Comparative study on the microbial corrosion resistance of mortars with Cu-Ti amorphous alloys and TiO2 nanoparticles

Concrete corrosion in wastewater pipelines is caused by biogenic sulfuric acid produced locally by sulfur-oxidizing microorganisms. Concrete mixtures are commonly modified to prevent this form of corrosion by adding biocides to inhibit their biological activities. However, using biocides is not always desirable because of their limited lifespan and potential for leaching into the environment. Therefore, there is a need to develop more durable alternatives to prevent microbial-induced corrosion of concrete. In this study, three types of Cu-Ti amorphous alloys (Cu 35 Ti 65 , Cu 50 Ti 50, and Cu 65 Ti 35 ) were prepared by ball milling, and compared with commercially available TiO 2 nanoparticles to assess their effects on the resistance of the microbial-induced corrosion performance of mortar. Detailed investigations were conducted on the appearance, mechanical properties, and corrosion depth of mortars at various exposure durations in an accelerated biocorrosion environment.

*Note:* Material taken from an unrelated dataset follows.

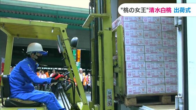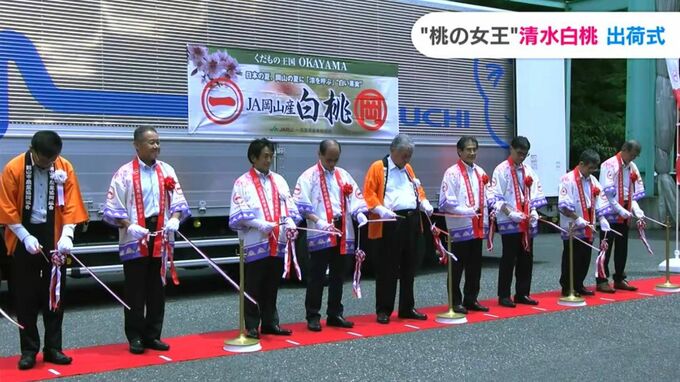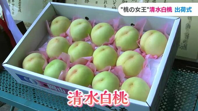 やわらかく上品な甘さが特徴の清水白桃です。岡山を代表する夏の味覚の販売が本格化するのを前に、岡山市北区の選果場で出荷式が開かれました。
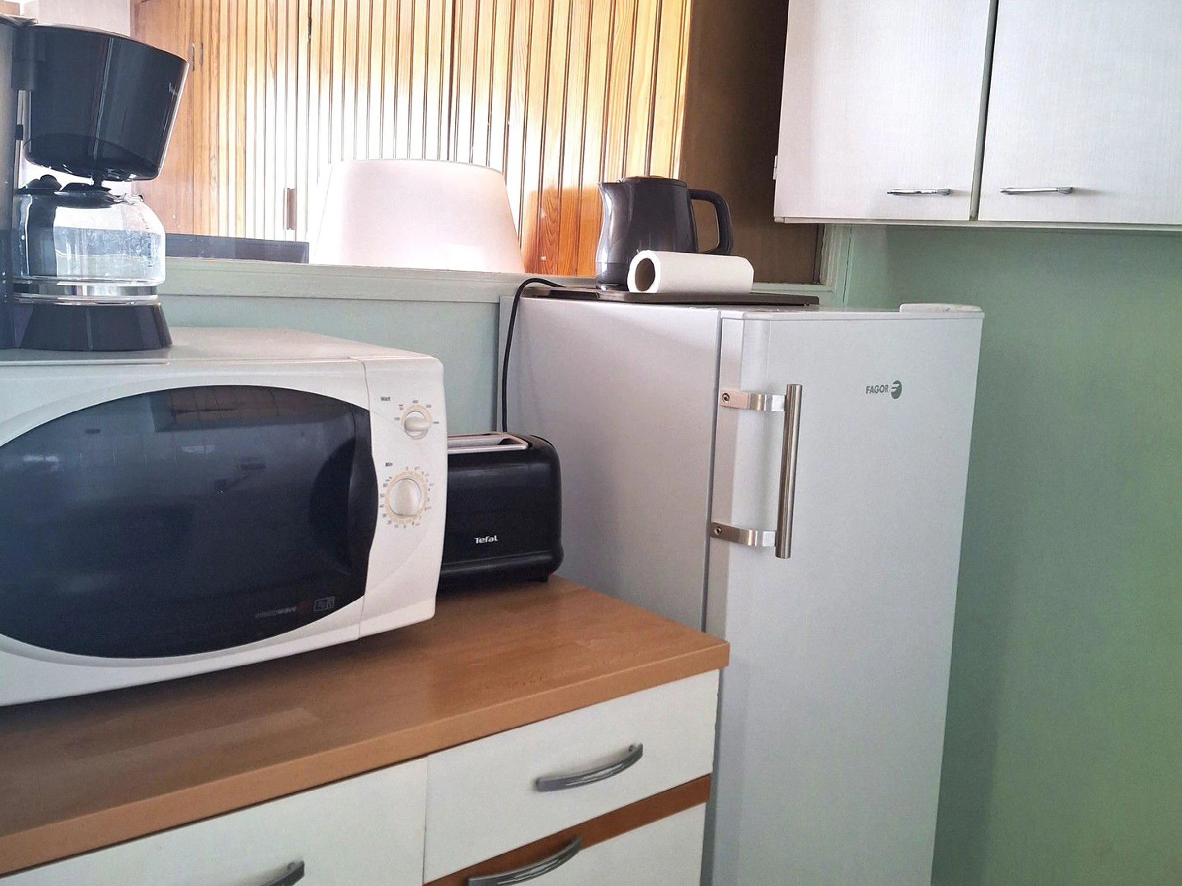 Côté cuisine, profitez d'une kitchenette moderne et fonctionnelle ! Plaque de cuisson vitrocéramique, four traditionnel et à micro-onde, cafetière à filtre, grille-pain et tout le nécessaire de vaisselle.

The results revealed that the mortars mixed with Cu 35 Ti 65 , Cu 50 Ti 50 , Cu 65 Ti 35 , and TiO 2 nanoparticles exhibited significantly better resistance to microbial-induced corrosion than the reference mortars. The resistance to microbial-induced corrosion of the mortar mixed with Cu 50 Ti 50 was the best. The superior antimicrobial corrosion performance of the mortar containing Cu-Ti amorphous alloy is influenced by both smaller particle sizes and higher sterilization performance. These findings can contribute to the development of novel applications of amorphous alloys in functional concrete.